Ничто меня более не разделяет с коммунизмом, и ничто не разделяло, кроме атавистической мелкобуржуазной опасливости. Но она очень сильна и породила слова и отношения, которым лучше бы остаться верным, но которым я не могу оставаться верным.
И тем не менее я до омерзения разъярен импотенцией фашизма, немецкой импотенцией, европейской импотенцией. Через фашизм и Германию после фиаско Чехословакии, Польши, Франции, Югославии, Италии и Англии становится очевидным окончательный, бесповоротный упадок Европы, обреченной на расчленение и уничтожение.
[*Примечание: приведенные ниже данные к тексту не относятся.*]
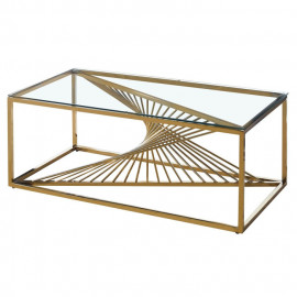 Description Table Basse Design Verre & Métal "Linea" 120cm Or Cette superbe Table Basse Design Verre & Métal "Linea" 120cm Or fera la différence dans votre séjour grâce à son allure chic et luxueuse. Son coloris or et son plateau en verre transparent se marient à la perfection et instaureront une atmosphère digne des appartements les plus luxueux. Installez-la simplement près de votre canapé ou de votre meuble TV, et voyez comme elle se mariera à la perfection avec le reste de votre mobilier ! Caractéristiques : Dimensions : L. 120 x l. 60 x H. 40 cm Matière : Métal (Inox) & Verre Spécificités : Chic & Luxueux Table basse design Plateau en verre Piètement renforcé Facile d'entretien & d'utilisation Nombre de colis : 1 Coloris : Or *Prix moyen constaté sur des sites concurrents ou prix cons

Остаются Сталин и Рузвельт. Само собой, было бы захватывающе участвовать в этой последней битве. Но разве я не загнан самым бесповоротным образом в угол? И не достойней ли и правильней будет держаться того, что я говорил и делал в середине жизни? У интеллектуала совершенно иные права и обязанности, чем у человека действия. Он связан написанным словом. Scripta manent.1 Каким бы открытым и мягким ни было написанное! Я описал свою окончательную эволюцию в статьях, напечатанных за последний год, но высшей утонченностью было бы не извлекать из них выгоды.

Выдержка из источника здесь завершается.